> WHAT TO WORK ON
Could you repeat exactly the lines below, from the line containing "曲线显示累计方差解释率随主成" through the last one, both included, while leaving out any pictures?

> INPUT DATA
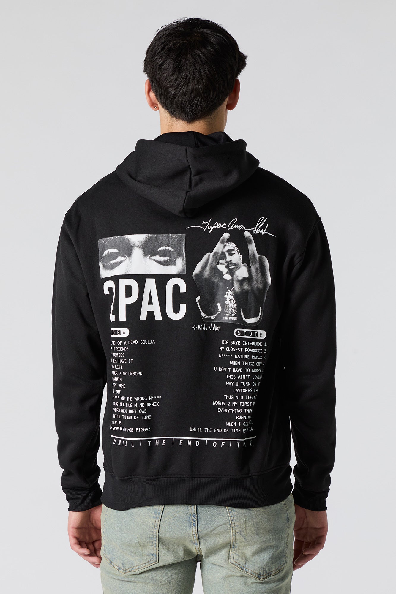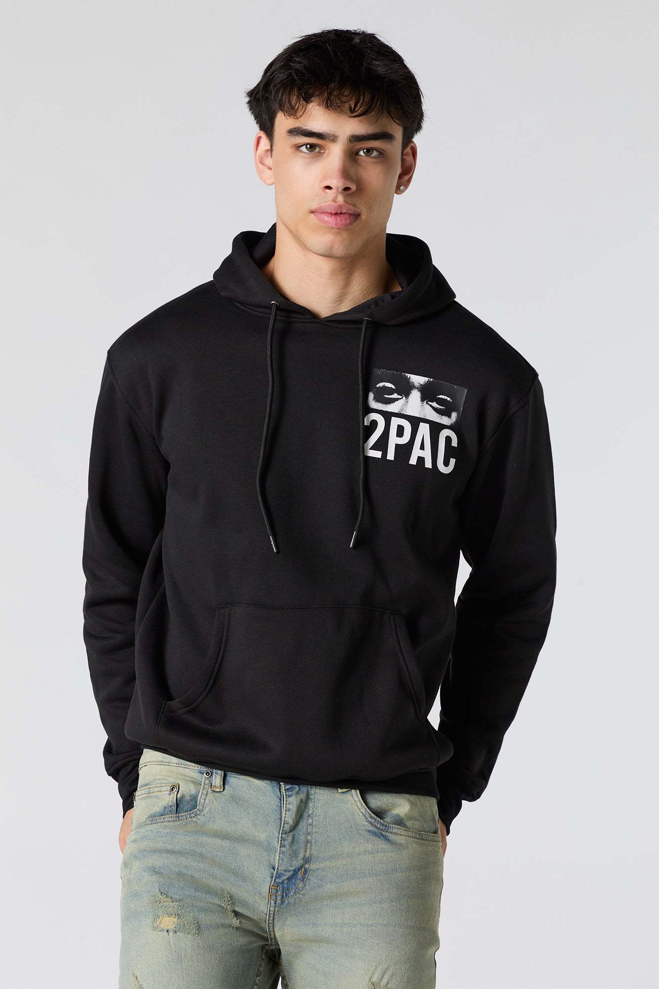 This hoodie features fleece material, graphic front and back, drawstring hood, kangaroo pocket, long sleeves, and ribbed knit trim.
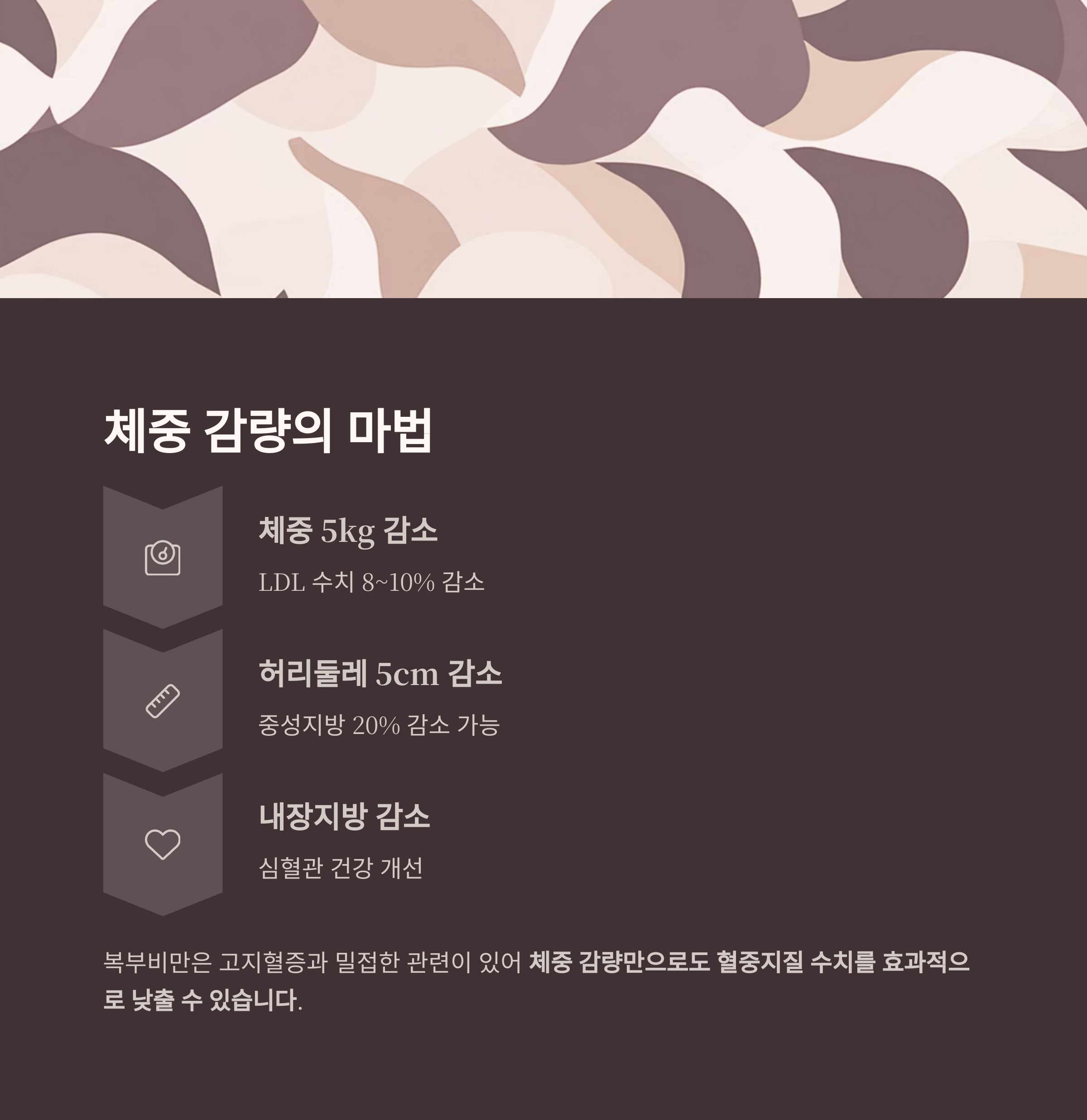 | 허리둘레 5cm 감소 | 중성지방 20% 감소 가능 |
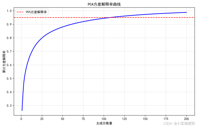 曲线显示累计方差解释率随主成分数量的增加而上升,最终趋于平稳。当主成分数量达到200时,累计方差解释率超过95%(红色虚线标出),说明200个主成分已保留大部分信息。这验证了降维的有效性:仅使用200个特征(原数据维度为4096)即可解释95%以上的方差,大幅降低了计算复杂度。
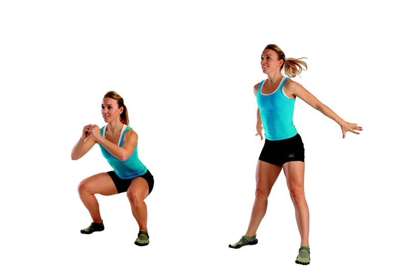 2} Bajar rápidamente la pelvis hasta que los muslos queden paralelos al suelo, y luego saltar de una forma explosiva. Estirar los brazos hacia atrás y absorber el impacto del salto con una ligera flexión de las rodillas.

> WRITTEN RESPONSE
 曲线显示累计方差解释率随主成分数量的增加而上升,最终趋于平稳。当主成分数量达到200时,累计方差解释率超过95%(红色虚线标出),说明200个主成分已保留大部分信息。这验证了降维的有效性:仅使用200个特征(原数据维度为4096)即可解释95%以上的方差,大幅降低了计算复杂度。
 2} Bajar rápidamente la pelvis hasta que los muslos queden paralelos al suelo, y luego saltar de una forma explosiva. Estirar los brazos hacia atrás y absorber el impacto del salto con una ligera flexión de las rodillas.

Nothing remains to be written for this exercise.